WHAT TO DO:
Leaving out every picture, copy the lines of the material below exactly, from the line containing "船着き場側はエサ獲りだらけで" through the line containing "Greenearth ช้อนชิม ช้อนไม้ขนาดเล็กแบบใช้แล้วทิ้ง".

######

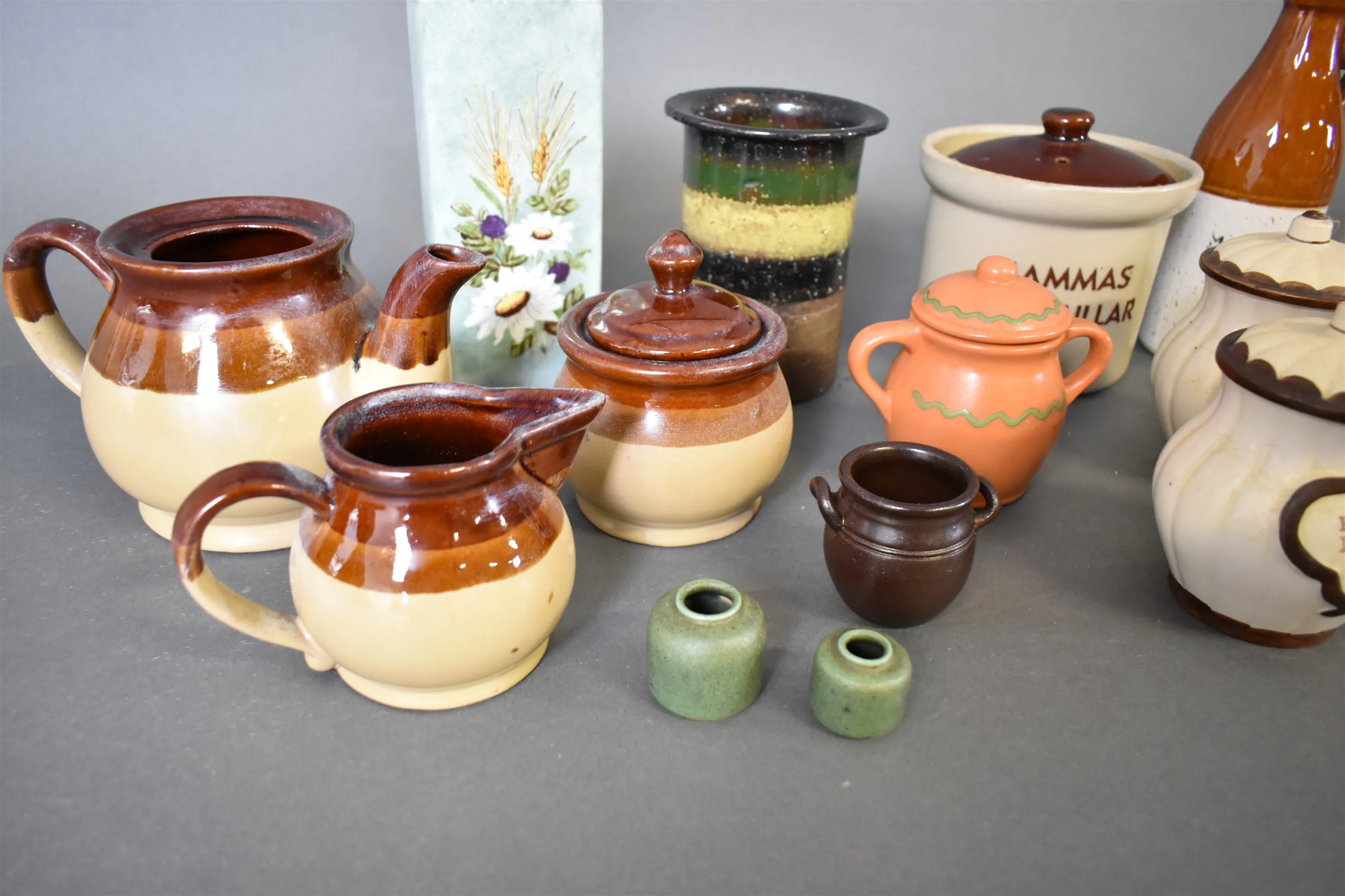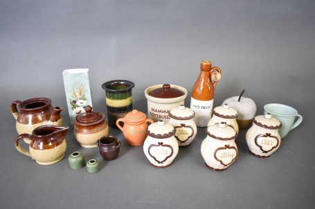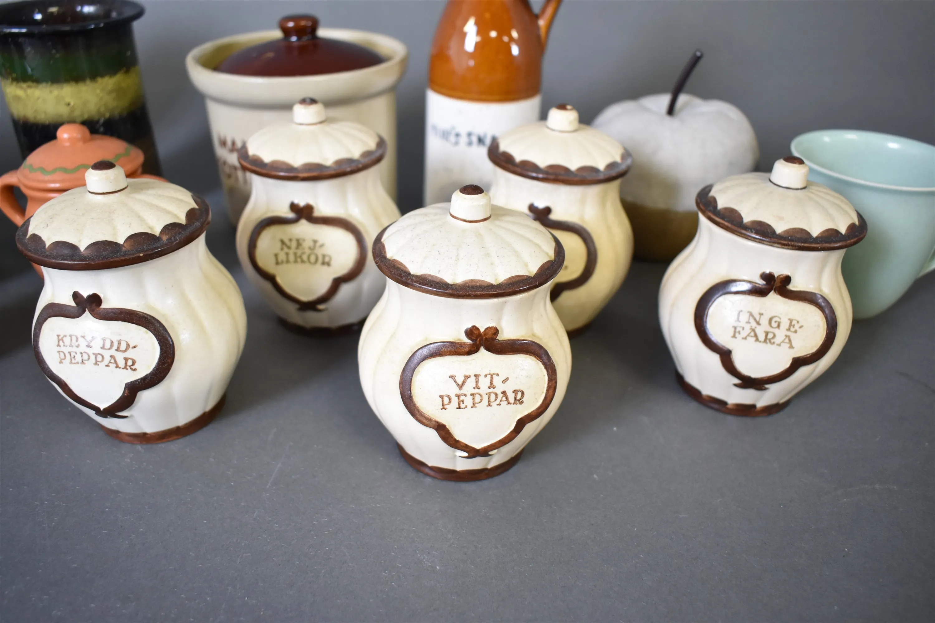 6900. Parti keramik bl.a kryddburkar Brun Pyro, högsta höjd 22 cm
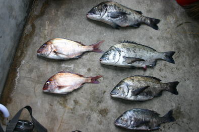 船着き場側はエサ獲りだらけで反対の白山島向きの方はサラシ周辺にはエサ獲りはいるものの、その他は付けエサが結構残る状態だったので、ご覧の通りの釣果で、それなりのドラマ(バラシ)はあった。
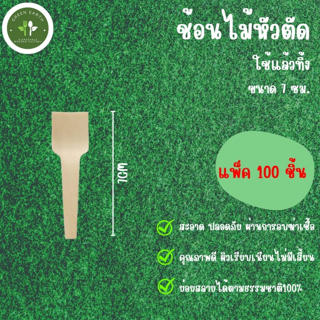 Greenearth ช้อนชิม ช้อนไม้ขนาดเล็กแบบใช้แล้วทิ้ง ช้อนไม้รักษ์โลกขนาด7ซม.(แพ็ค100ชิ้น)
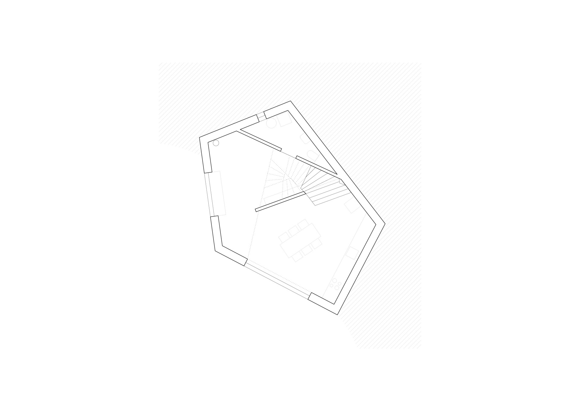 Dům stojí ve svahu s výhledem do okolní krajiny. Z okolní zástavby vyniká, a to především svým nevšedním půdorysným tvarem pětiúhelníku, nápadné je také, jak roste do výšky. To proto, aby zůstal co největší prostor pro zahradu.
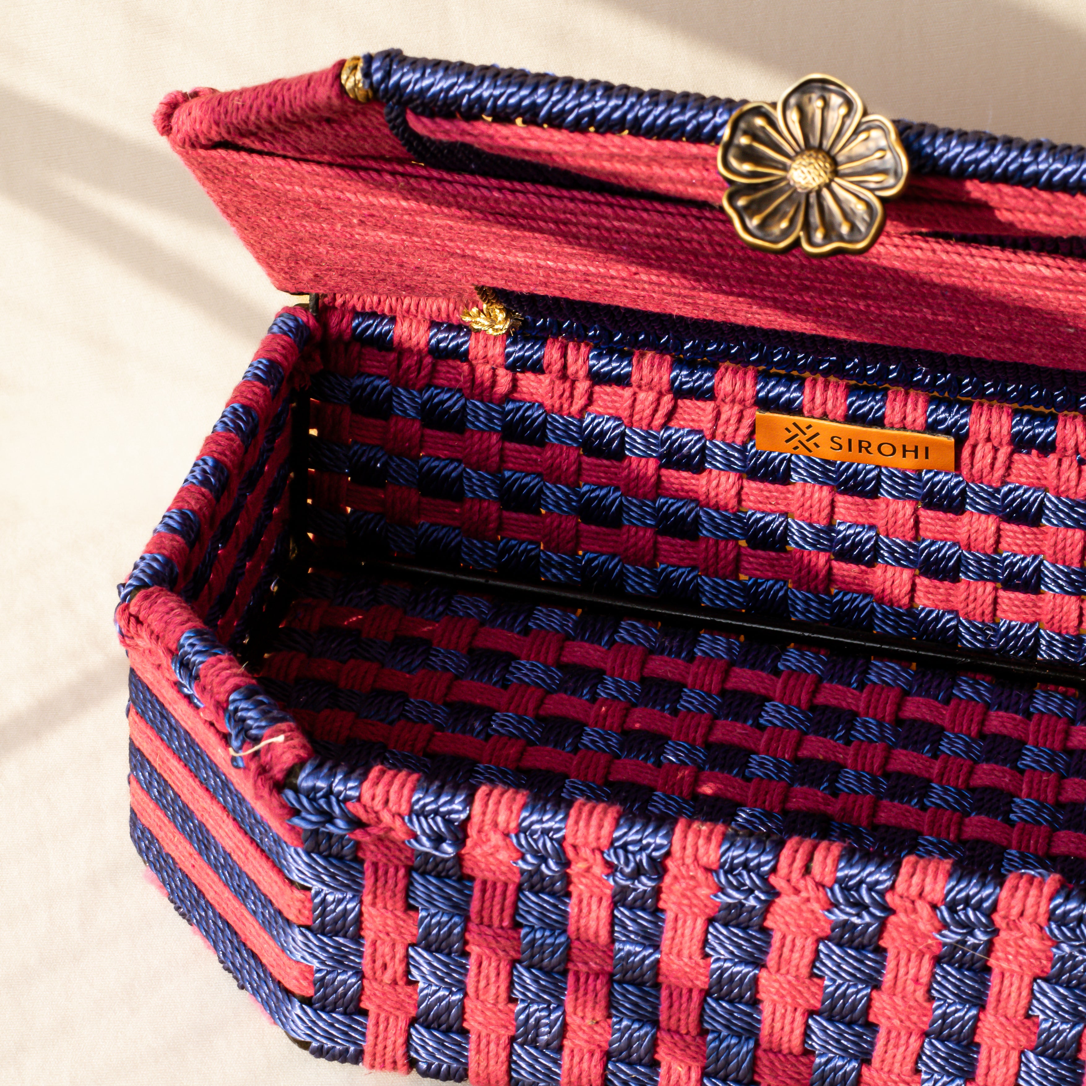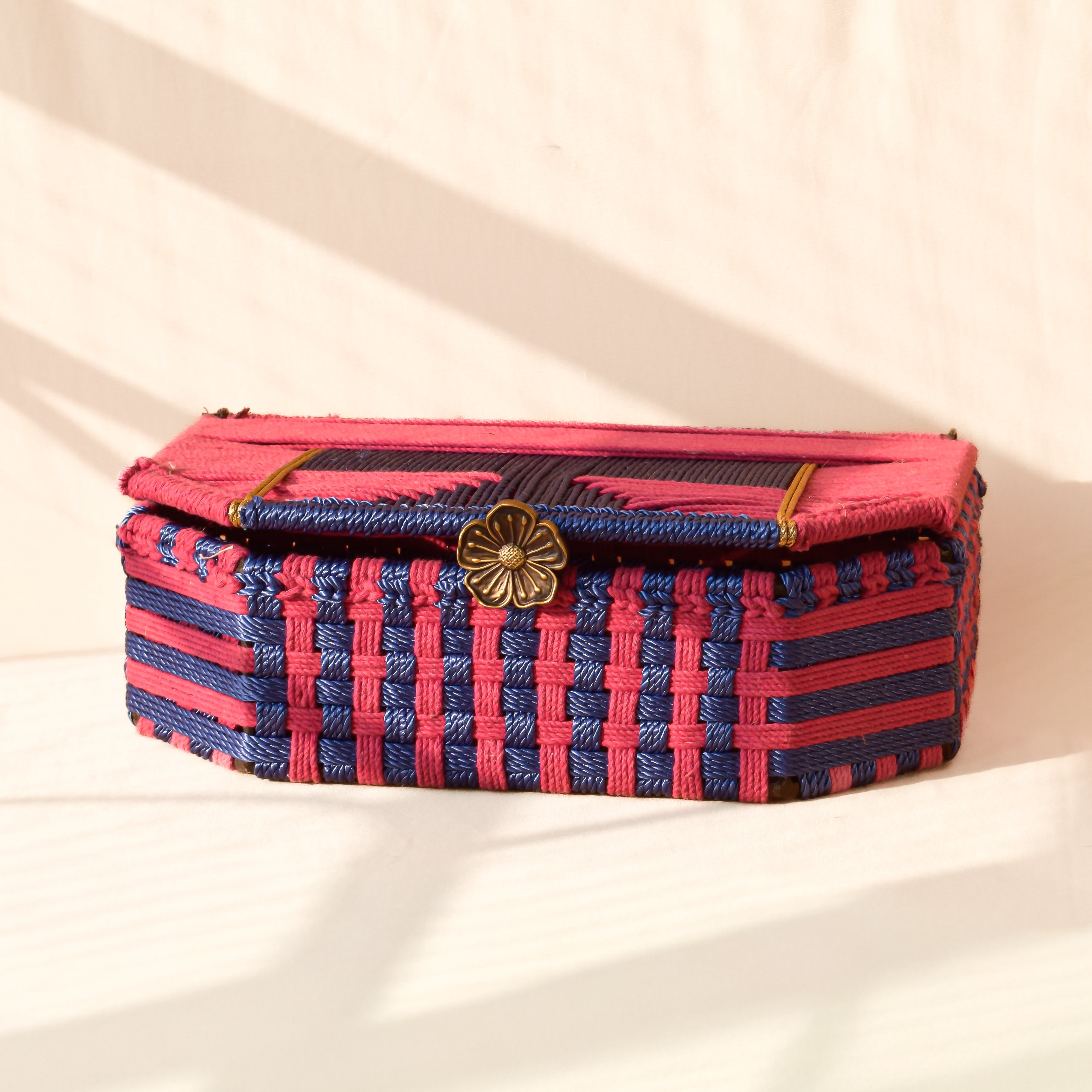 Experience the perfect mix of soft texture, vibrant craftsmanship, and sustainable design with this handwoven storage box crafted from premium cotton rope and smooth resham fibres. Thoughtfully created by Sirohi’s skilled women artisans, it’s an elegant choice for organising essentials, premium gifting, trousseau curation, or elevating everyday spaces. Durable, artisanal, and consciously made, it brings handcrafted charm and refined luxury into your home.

######

RESPONSE FOR THIS EXERCISE:
 船着き場側はエサ獲りだらけで反対の白山島向きの方はサラシ周辺にはエサ獲りはいるものの、その他は付けエサが結構残る状態だったので、ご覧の通りの釣果で、それなりのドラマ(バラシ)はあった。
 Greenearth ช้อนชิม ช้อนไม้ขนาดเล็กแบบใช้แล้วทิ้ง ช้อนไม้รักษ์โลกขนาด7ซม.(แพ็ค100ชิ้น)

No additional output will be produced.